In the 1860s, children of Revolutionary soldiers also were applying for continuation of their mothers' pensions to them. Congress was still adapting the rules. In 1862, they pensioned a woman whose husband had served in the Revolution and had drawn a pension himself from 1818 until his death in 1846. A widower, he married a second time in 1830, and the second wife was deemed entitled to a pension under an act passed in 1853.6

In 1873, the House Committee on Revolutionary Pensions and War of 1812 asked the Commissioner of Pensions for "an estimate of the probable expense to the Treasury by placing on the rolls all soldiers of the Revolution and war of 1812 who can make proof of military service, say ten days, and widows who were married as late as, say, 1825, and restoring those who were stricken off the rolls by reason of participation in the rebellion . . ."7

However, in 1875 the Senate Committee on Pensions, in response to a request of children of a Revolutionary soldier for a pension in right of their father, said, "it would be carrying the principle too far to allow pensions to grown-up people who claim through a soldier long since deceased." 8

By 1888, Congress was considering requests for pensions of children of Revolutionary soldiers favorably. They passed a bill granting a pension to the two daughters of Major Abner Morgan, who served 11 months and 10 days in the Revolution, in part because the two daughters took care of their father in his last years before he died in 1837. 9

In 1896, the Committee on Pensions recommended passage of a bill granting a pension to "the daughter of John Spears, who served as a private for fifteen months in the regiment commanded by Colonel Goode, Virginia Line, was of the Revolution. . . . he was a pensioner on account of same until his death in 1842. His widow was also a pensioner until her death. . . . the claimant is a widow 75 years old, in indigent circumstances . . . ."

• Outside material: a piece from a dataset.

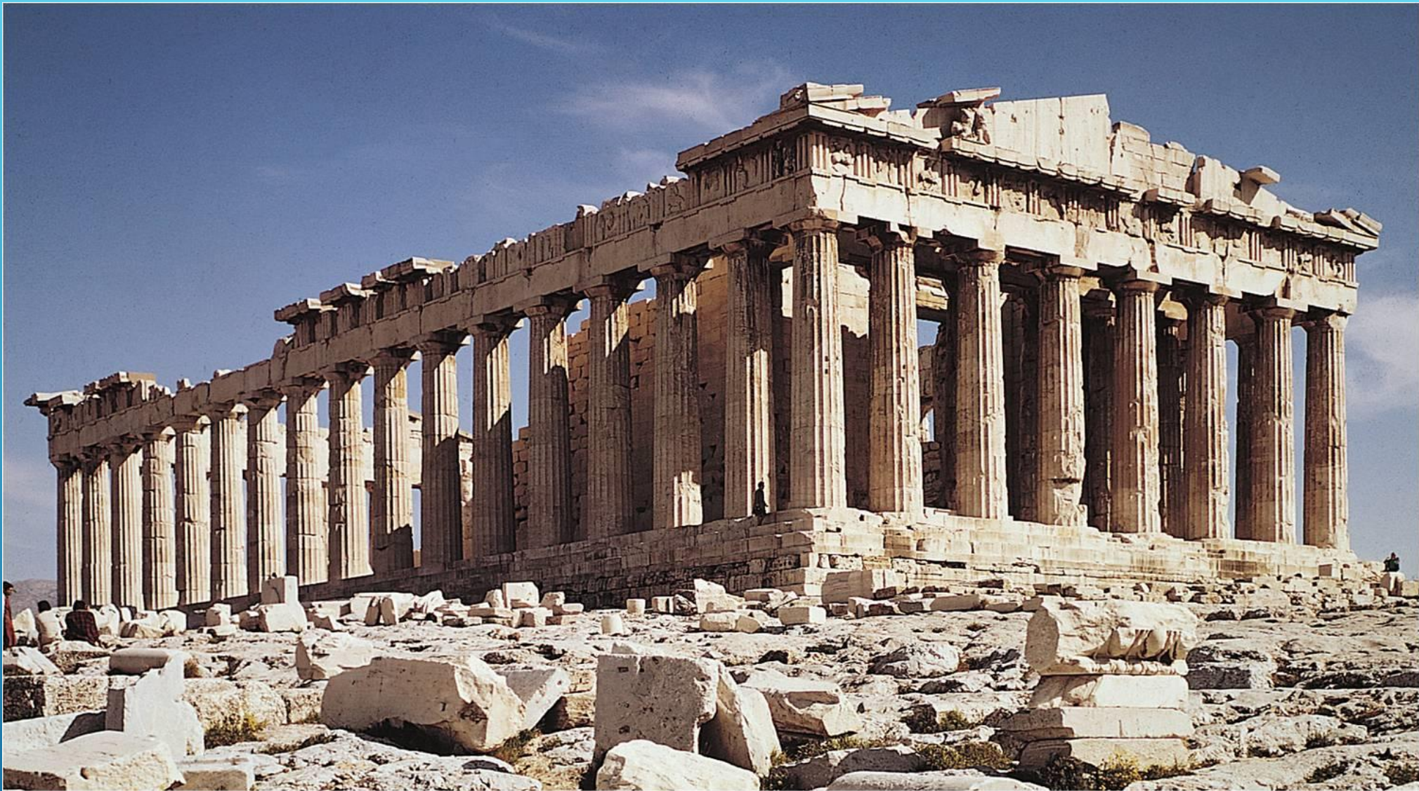
Дорический храм Парфенон, посвященный Афине Парфенос. Начало строительства 447 г. до н.э., храм освятили в 438 г

"There are several precedents for the proposed legislation, and in view of the claimant's great age and dependent circumstances, your committee believe that such precedents may very properly be followed in this case." 10

But in 1898, Congress had to draw the line. "This bill proposes to pension the daughter of a Revolutionary soldier. A few such pensions have been granted, but the policy has always been regarded as questionable, and the pressure for pensioning the daughters of soldiers of all the wars in which this country has been engaged became so urgent on this committee that the following rule was adopted at the beginning of the present session:

"Bills proposing to pension children of soldiers will not be entertained except in cases where the child has been idiotic, deformed, or otherwise mentally or physically incapacitated from birth or early childhood, and then only in cases of destitution." 11

It is an interesting quirk of research that you can sometimes trace the thinking of Congress more completely through their comments and actions on Private Relief Bills than you can by reading the bills that make wholesale policy changes.

 


1 S.doc. 69 (21-1)
2 H.Rp. 132 (26-1)
3 S.Rp. 138 (31-1) She petitioned under her second married name, Nancy Bowen.
4 S.Rp. 93 (32-1)
5 (34) S. 256 An act for the relief of Nancy Bowen and Sarah Larrabee
6 H.Rp. 146 (37-2) Elizabeth Cole, widow of Levi Cole
7 The reply is printed in H.Mis.doc. 67 (43-1), dated January 13, 1874.
8 S.rp. 632 (43-2)
9 H.Rp. 1640 (50-1) The daughters were Marie A. Salisbury and Almira Morgan.